HmeDIP-SC-seq derived 5hmC data is comparable to published datasets using alternative profiling methodologies. (a) Scatter plots for 500,000 random 200 bp windows to plot biological replicate liver 5hmC levels for published hmeDIP tiled microarrays (i) or between hmeDIP-SC-seq (ii) datasets. R2 values are shown in each plot. For i, plots refer to log2 scores whilst ii refers to normalised average reads in a given 200 bp window. (b) Pearson’s correlation matrix with hierarchical clustering for replicate hmeDIP-SC-seq, input SC seq, hmeDIP-Hiseq, published affinity 5hmC Illumina Hiseq and 5hmC tiled microarray datasets. (c) Visual example of 5hmC patterns in the average input normalised hmeDIP-SC-seq (red), input normalised hmeDIP-Hiseq (green), published affinity Hiseq (blue) and published hmeDIP microarray datasets (gold) over a 2.5 Mb region on chromosome 7 (chr7:85,183,840–87,720,240). For a comparison, average input SC-seq data is shown in grey below. On the right, comparative 5hmC profiles are shown for hmeDIP-SC-seq and 5hmC affinity Hi-seq datasets over select loci (Cdkn1a and Klf3).

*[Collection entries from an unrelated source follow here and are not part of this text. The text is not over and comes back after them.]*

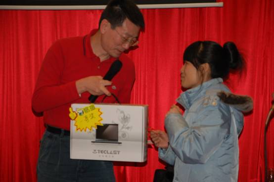 隋振遠(yuǎn)先生上臺(tái)為晚宴抽取一等獎(jiǎng)一名,獎(jiǎng)品為臺(tái)電筆記本一臺(tái);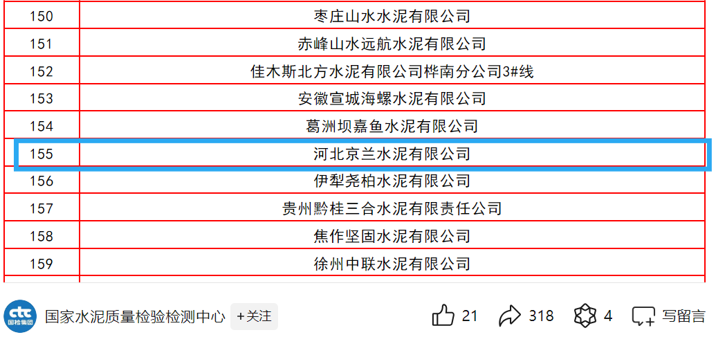 8月2日,備受矚目的“天寶華瑞杯”全國(guó)第十九次水泥化學(xué)分析大對(duì)比獲獎(jiǎng)名單正式揭曉,在這場(chǎng)全國(guó)性的水泥行業(yè)質(zhì)量競(jìng)技中,京蘭5家水泥公司均榮列榜單。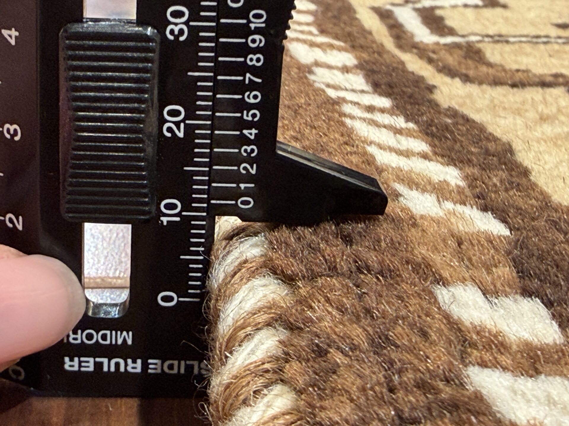 ひし形は「魔除け」、鹿は「家庭円満」を象徴しており、織り手の素朴で温かな願いがデザインから伝わってきます。195cmとゆったりしたサイズ感で、リビングに敷くだけで心がほっと落ち着くような安らぎの空間を演出してくれます。

Following validation by quantitative PCR (qPCR) over known positive and negative control loci (Fig. 2b), the next stage is to prepare libraries from the input and enriched (or immunoprecipitated; “IP”) samples by the addition of specific barcoded adapter sequences (see online methods; ~6 hours), prior to template preparation (~7 hours) and sequencing on Ion P1 chips (~4 hours, (see online methods for more information)). Finally the reads are then mapped to the reference genome and basic bioinformatic normalisation and processing applied to generate genome wide patterns of the DNA modification of interest. If desired, it is possible to sequence a matched input for each IP on a single P1 chip (using specific barcoded sequencing adapters) allowing for an internal normalisation much like microarray technology does24. In addition to revealing enrichment values over the background sequencing noise, such normalisation will allow the direct comparison of datasets from karyotypically different sources. The resulting datasets can therefore either represent total reads across the genome (IP only) or total reads relative to input across the genome (a ratio of the IP reads vs the Input reads).

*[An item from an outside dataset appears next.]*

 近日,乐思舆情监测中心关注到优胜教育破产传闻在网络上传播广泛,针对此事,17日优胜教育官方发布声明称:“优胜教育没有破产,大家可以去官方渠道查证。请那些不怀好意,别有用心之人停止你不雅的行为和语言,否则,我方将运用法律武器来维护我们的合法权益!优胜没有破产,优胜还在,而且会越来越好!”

Considerations to note following semiconductor sequencing

The amount of coverage (or depth) required for a sequencing experiment will be critical for the overall cost of the project. Traditionally this value refers to the number of times a nucleotide is read, versus the entire genome length. However for epigenetic based assays such as for 5hmC, true coverage values can be hard to achieve due to the fact that only select sites (certain CpG dinucleotides) are marked by the modification. For a single hmeDIP-SC-seq experiment (i.e. hmeDIP and matched input samples both sequenced on a single P1 microwell), between 70 and 80 million high quality reads are typically achieved (~35–40 million per IP or input sample. Table 1). We find that this number of reads, combined with the fact that the read lengths are frequently 120–150 bp long, results in comparable coverage values to similar published 5hmC and 5 mC DIP Illumina sequenced datasets25 (Supplementary Table 1).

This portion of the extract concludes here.